──────── DATA FOR PROCESSING ────────

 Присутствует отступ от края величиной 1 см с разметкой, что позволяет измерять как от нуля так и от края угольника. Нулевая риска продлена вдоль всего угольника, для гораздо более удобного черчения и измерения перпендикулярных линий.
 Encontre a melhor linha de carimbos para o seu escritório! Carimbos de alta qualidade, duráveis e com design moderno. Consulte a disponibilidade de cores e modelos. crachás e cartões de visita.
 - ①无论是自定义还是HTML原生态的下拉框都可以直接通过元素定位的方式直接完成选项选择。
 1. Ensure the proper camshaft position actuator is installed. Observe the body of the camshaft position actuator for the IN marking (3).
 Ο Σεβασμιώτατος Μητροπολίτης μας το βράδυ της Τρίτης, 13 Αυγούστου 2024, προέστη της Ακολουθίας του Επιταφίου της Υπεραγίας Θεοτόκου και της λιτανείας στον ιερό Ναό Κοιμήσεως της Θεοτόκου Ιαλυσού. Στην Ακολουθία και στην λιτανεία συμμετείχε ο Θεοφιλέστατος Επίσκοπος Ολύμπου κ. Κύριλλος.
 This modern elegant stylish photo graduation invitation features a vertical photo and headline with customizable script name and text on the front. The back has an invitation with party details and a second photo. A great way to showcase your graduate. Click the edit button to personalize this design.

────────
──────── DATA FOR PROCESSING ────────

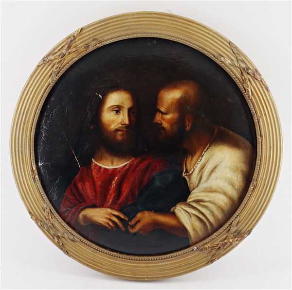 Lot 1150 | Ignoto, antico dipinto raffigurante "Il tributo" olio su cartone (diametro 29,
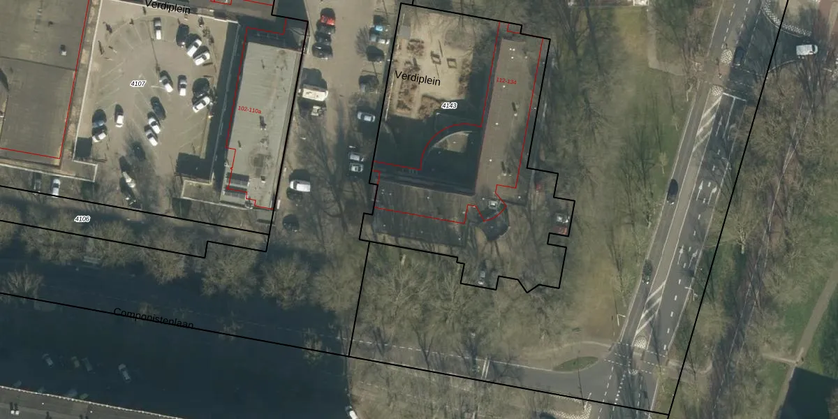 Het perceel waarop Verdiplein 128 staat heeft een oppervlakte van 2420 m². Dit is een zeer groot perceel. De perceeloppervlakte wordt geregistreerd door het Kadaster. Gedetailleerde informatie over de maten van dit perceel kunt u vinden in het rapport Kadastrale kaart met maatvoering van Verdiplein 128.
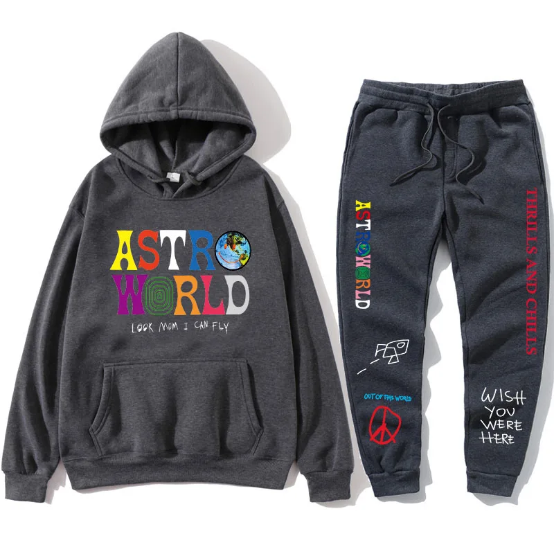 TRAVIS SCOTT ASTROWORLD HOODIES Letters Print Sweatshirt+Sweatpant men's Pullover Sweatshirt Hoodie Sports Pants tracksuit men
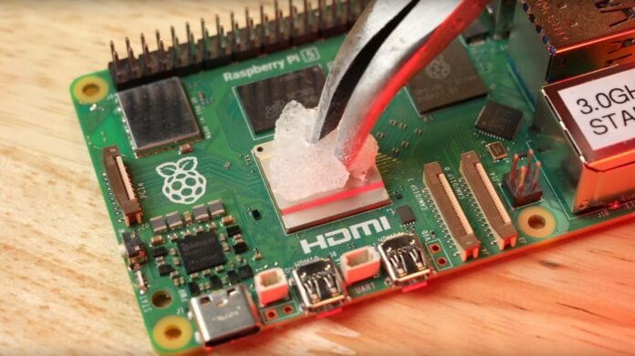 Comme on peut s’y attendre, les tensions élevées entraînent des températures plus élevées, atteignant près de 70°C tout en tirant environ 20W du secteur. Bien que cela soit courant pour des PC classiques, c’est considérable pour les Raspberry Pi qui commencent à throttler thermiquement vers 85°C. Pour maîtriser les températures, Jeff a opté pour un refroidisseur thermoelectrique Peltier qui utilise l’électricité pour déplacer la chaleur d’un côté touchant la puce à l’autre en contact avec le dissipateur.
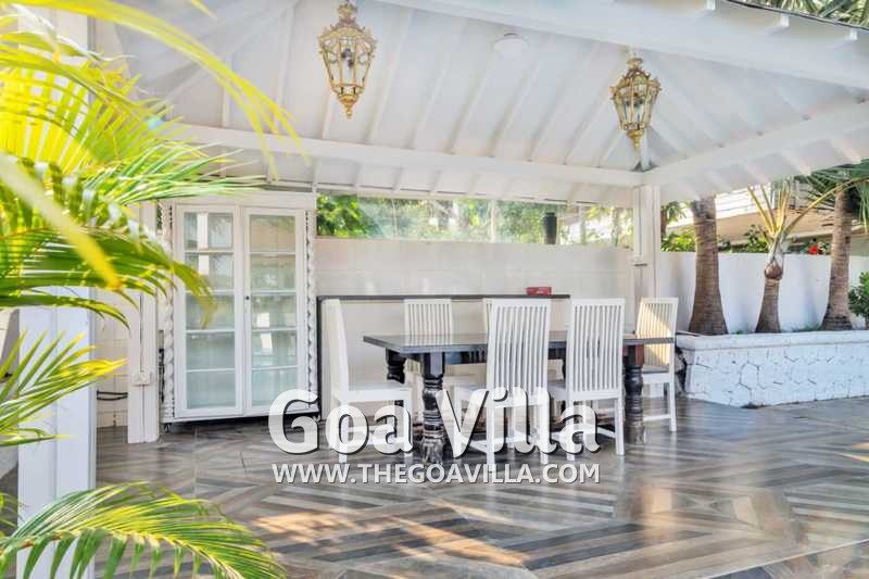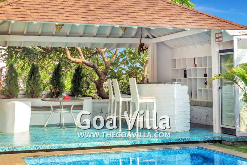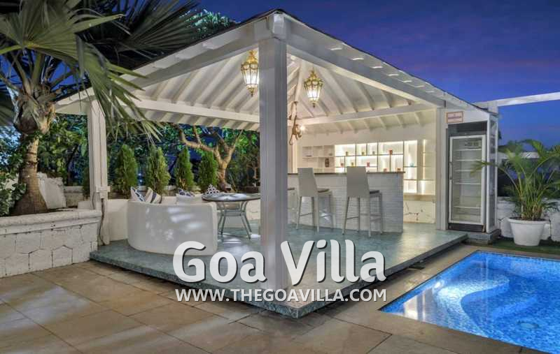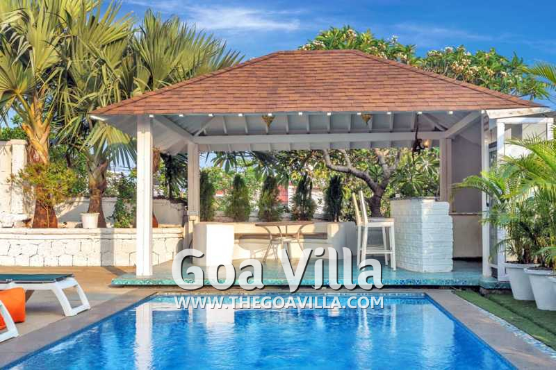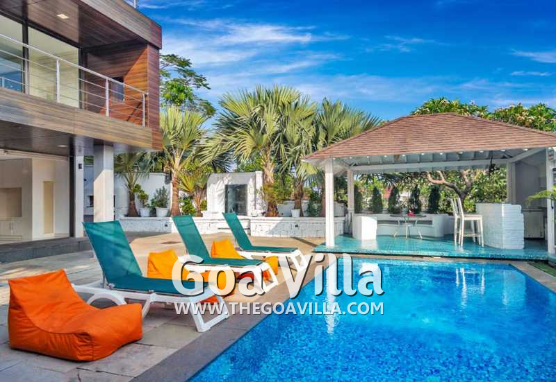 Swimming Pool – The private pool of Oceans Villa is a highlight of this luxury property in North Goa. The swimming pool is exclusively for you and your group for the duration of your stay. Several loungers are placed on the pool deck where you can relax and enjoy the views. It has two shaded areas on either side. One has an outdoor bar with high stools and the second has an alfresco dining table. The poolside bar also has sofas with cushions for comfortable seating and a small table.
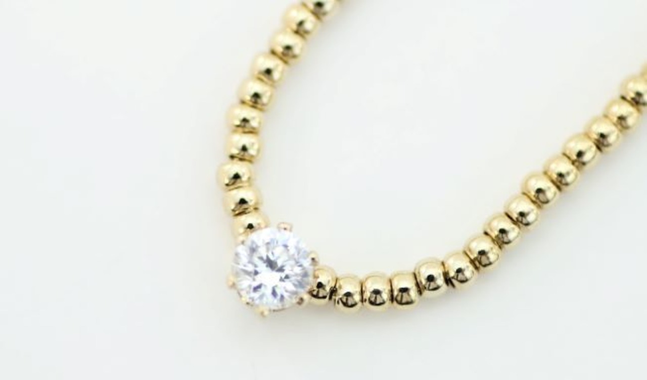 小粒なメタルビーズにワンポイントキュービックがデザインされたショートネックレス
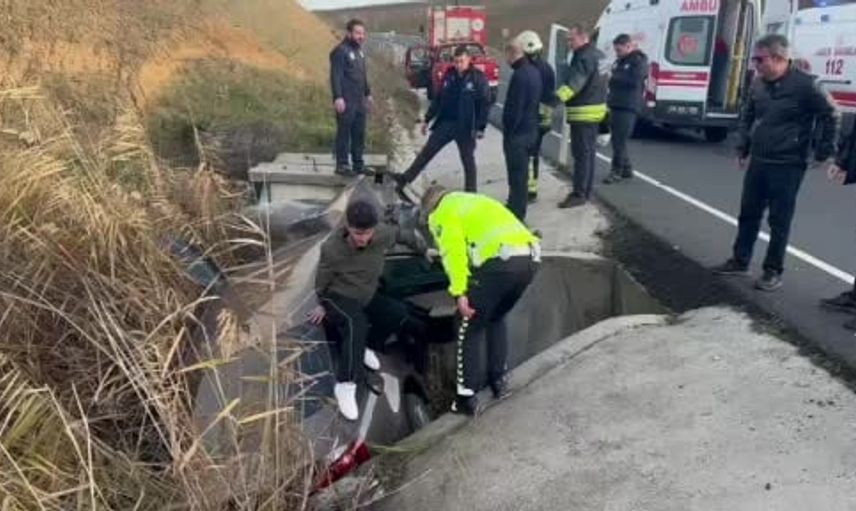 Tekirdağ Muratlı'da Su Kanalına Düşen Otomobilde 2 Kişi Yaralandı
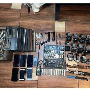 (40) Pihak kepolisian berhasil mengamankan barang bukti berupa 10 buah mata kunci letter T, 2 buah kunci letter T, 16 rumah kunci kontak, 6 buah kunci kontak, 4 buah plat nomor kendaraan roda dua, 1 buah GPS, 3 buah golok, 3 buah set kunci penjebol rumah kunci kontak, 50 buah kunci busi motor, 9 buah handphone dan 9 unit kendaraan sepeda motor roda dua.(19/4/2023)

────────

WHAT THE TASK ASKS -> Leaving pictures out, output the lines of the data above from the one with "Lot 1150 | Ignoto, antico" through the one with "TRAVIS SCOTT ASTROWORLD", word for word.

RESPONSE AREA ->
 Lot 1150 | Ignoto, antico dipinto raffigurante "Il tributo" olio su cartone (diametro 29,
 Het perceel waarop Verdiplein 128 staat heeft een oppervlakte van 2420 m². Dit is een zeer groot perceel. De perceeloppervlakte wordt geregistreerd door het Kadaster. Gedetailleerde informatie over de maten van dit perceel kunt u vinden in het rapport Kadastrale kaart met maatvoering van Verdiplein 128.
 TRAVIS SCOTT ASTROWORLD HOODIES Letters Print Sweatshirt+Sweatpant men's Pullover Sweatshirt Hoodie Sports Pants tracksuit men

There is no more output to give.